- Data for analysis
◇ ◇ ◇ ◇ ◇ ◇ ◇
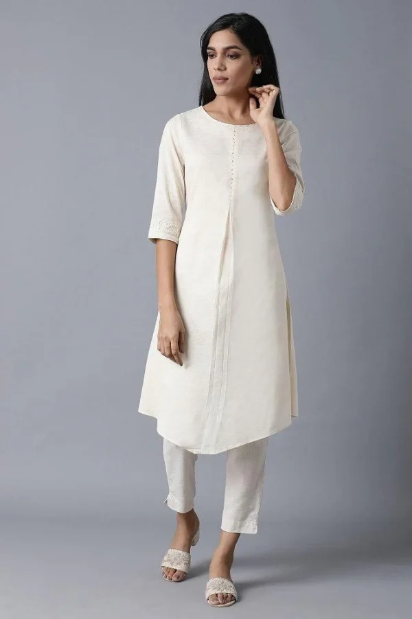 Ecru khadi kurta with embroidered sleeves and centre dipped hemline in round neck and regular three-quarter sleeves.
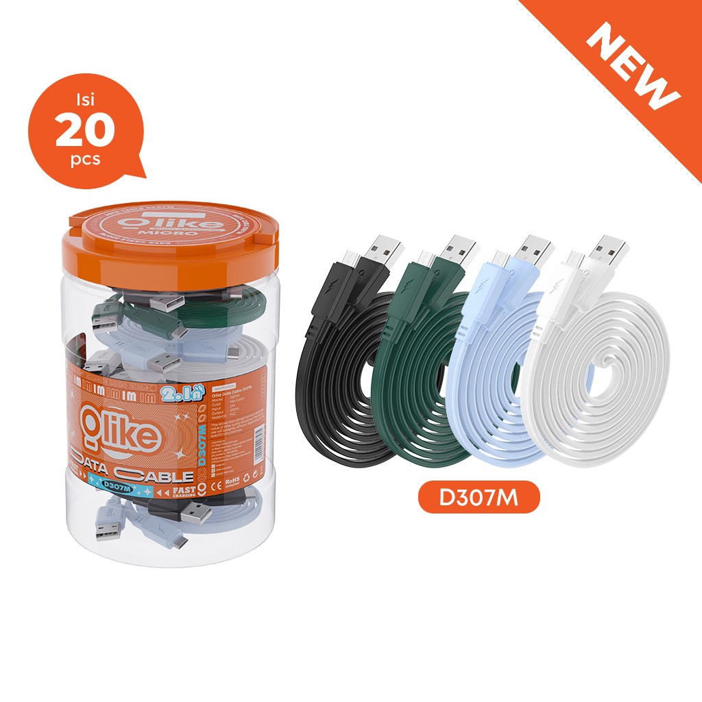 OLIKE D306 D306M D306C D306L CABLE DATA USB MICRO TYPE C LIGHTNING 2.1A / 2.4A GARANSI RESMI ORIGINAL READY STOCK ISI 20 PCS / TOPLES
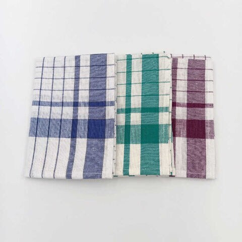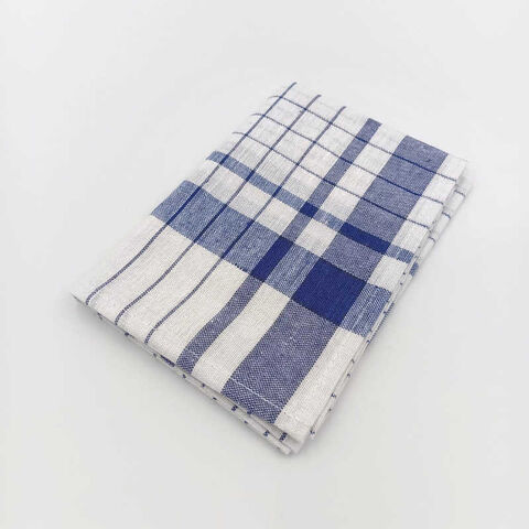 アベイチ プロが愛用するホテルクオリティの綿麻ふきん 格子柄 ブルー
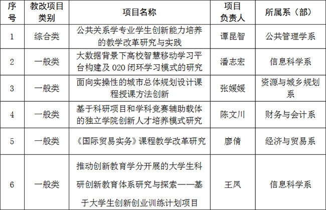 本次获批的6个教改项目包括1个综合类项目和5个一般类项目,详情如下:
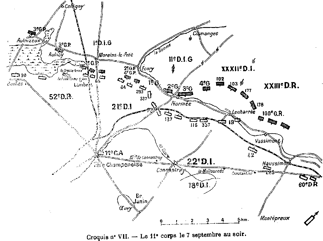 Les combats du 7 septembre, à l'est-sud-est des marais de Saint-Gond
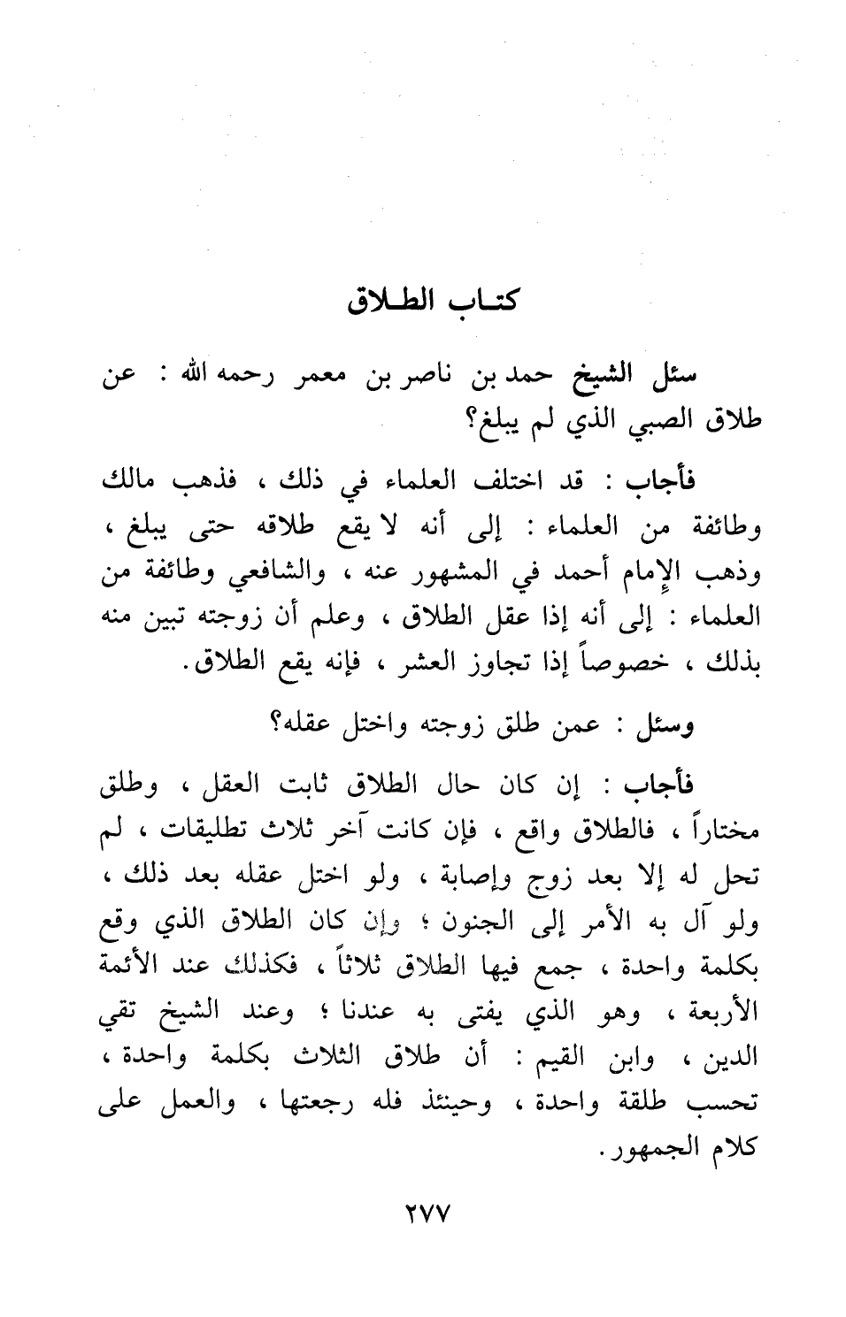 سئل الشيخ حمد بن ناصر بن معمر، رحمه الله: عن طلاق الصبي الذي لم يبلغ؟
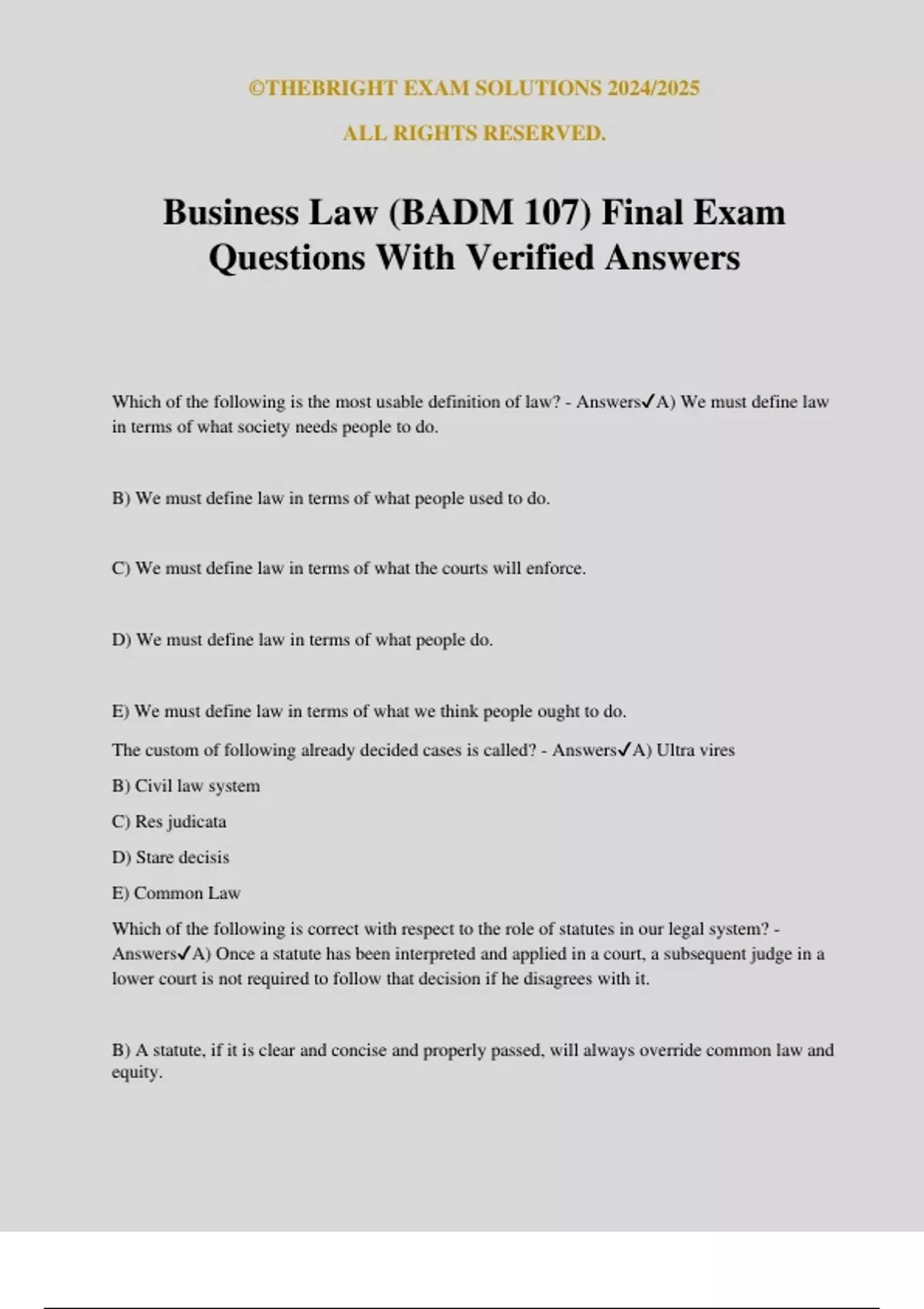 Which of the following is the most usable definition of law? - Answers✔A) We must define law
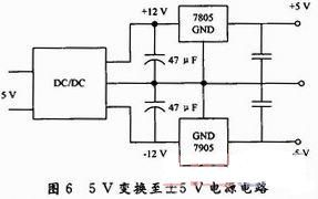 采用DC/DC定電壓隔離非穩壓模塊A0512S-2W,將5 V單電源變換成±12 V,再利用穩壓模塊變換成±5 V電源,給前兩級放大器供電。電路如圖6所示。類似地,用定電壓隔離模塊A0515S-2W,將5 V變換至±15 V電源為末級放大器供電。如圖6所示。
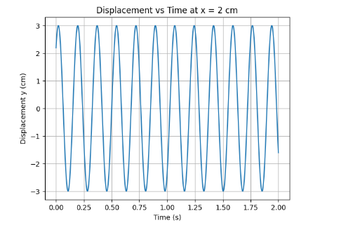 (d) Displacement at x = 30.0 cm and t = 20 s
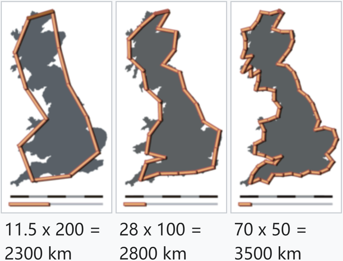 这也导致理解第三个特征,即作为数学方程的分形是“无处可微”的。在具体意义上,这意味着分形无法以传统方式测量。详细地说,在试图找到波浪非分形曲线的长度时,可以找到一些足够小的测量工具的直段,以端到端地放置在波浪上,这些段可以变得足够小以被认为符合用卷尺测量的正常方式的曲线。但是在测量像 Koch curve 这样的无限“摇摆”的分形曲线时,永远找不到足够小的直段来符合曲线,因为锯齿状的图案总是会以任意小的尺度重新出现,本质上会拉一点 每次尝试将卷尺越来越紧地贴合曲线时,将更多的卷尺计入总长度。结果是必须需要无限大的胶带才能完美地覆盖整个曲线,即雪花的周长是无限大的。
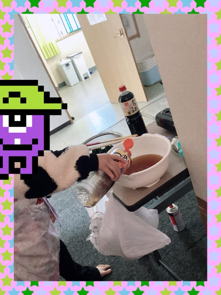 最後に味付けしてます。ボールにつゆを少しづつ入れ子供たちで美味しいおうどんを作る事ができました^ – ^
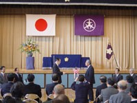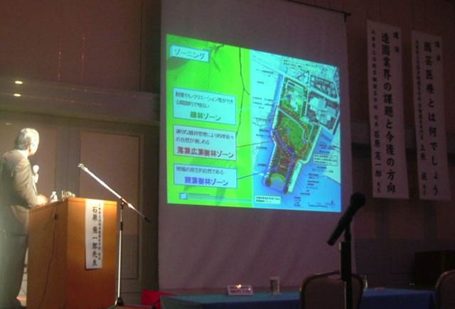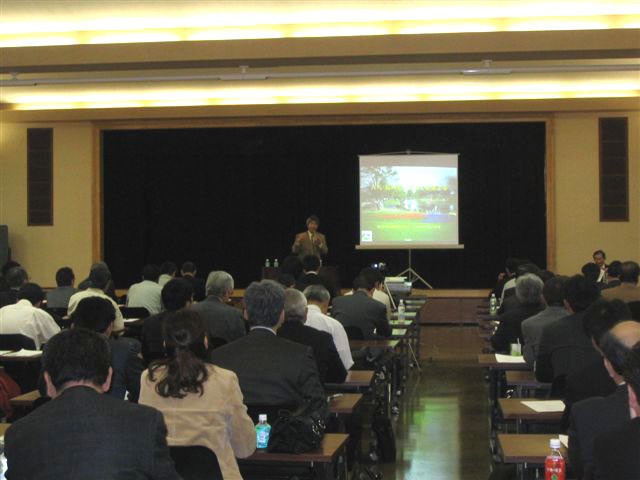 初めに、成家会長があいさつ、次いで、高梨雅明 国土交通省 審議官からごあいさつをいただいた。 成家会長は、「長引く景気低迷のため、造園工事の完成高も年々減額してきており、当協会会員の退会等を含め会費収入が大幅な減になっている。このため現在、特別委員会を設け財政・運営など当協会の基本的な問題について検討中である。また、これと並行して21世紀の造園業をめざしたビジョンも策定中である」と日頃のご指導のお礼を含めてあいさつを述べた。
◇ ◇ ◇ ◇ ◇ ◇ ◇
- Task directions
Print the material above verbatim except the pictures.

- Result of this exercise
 Ecru khadi kurta with embroidered sleeves and centre dipped hemline in round neck and regular three-quarter sleeves.
 OLIKE D306 D306M D306C D306L CABLE DATA USB MICRO TYPE C LIGHTNING 2.1A / 2.4A GARANSI RESMI ORIGINAL READY STOCK ISI 20 PCS / TOPLES
 アベイチ プロが愛用するホテルクオリティの綿麻ふきん 格子柄 ブルー
 本次获批的6个教改项目包括1个综合类项目和5个一般类项目,详情如下:
 Les combats du 7 septembre, à l'est-sud-est des marais de Saint-Gond
 سئل الشيخ حمد بن ناصر بن معمر، رحمه الله: عن طلاق الصبي الذي لم يبلغ؟
 Which of the following is the most usable definition of law? - Answers✔A) We must define law
 采用DC/DC定電壓隔離非穩壓模塊A0512S-2W,將5 V單電源變換成±12 V,再利用穩壓模塊變換成±5 V電源,給前兩級放大器供電。電路如圖6所示。類似地,用定電壓隔離模塊A0515S-2W,將5 V變換至±15 V電源為末級放大器供電。如圖6所示。
 (d) Displacement at x = 30.0 cm and t = 20 s
 这也导致理解第三个特征,即作为数学方程的分形是“无处可微”的。在具体意义上,这意味着分形无法以传统方式测量。详细地说,在试图找到波浪非分形曲线的长度时,可以找到一些足够小的测量工具的直段,以端到端地放置在波浪上,这些段可以变得足够小以被认为符合用卷尺测量的正常方式的曲线。但是在测量像 Koch curve 这样的无限“摇摆”的分形曲线时,永远找不到足够小的直段来符合曲线,因为锯齿状的图案总是会以任意小的尺度重新出现,本质上会拉一点 每次尝试将卷尺越来越紧地贴合曲线时,将更多的卷尺计入总长度。结果是必须需要无限大的胶带才能完美地覆盖整个曲线,即雪花的周长是无限大的。
 最後に味付けしてます。ボールにつゆを少しづつ入れ子供たちで美味しいおうどんを作る事ができました^ – ^
 初めに、成家会長があいさつ、次いで、高梨雅明 国土交通省 審議官からごあいさつをいただいた。 成家会長は、「長引く景気低迷のため、造園工事の完成高も年々減額してきており、当協会会員の退会等を含め会費収入が大幅な減になっている。このため現在、特別委員会を設け財政・運営など当協会の基本的な問題について検討中である。また、これと並行して21世紀の造園業をめざしたビジョンも策定中である」と日頃のご指導のお礼を含めてあいさつを述べた。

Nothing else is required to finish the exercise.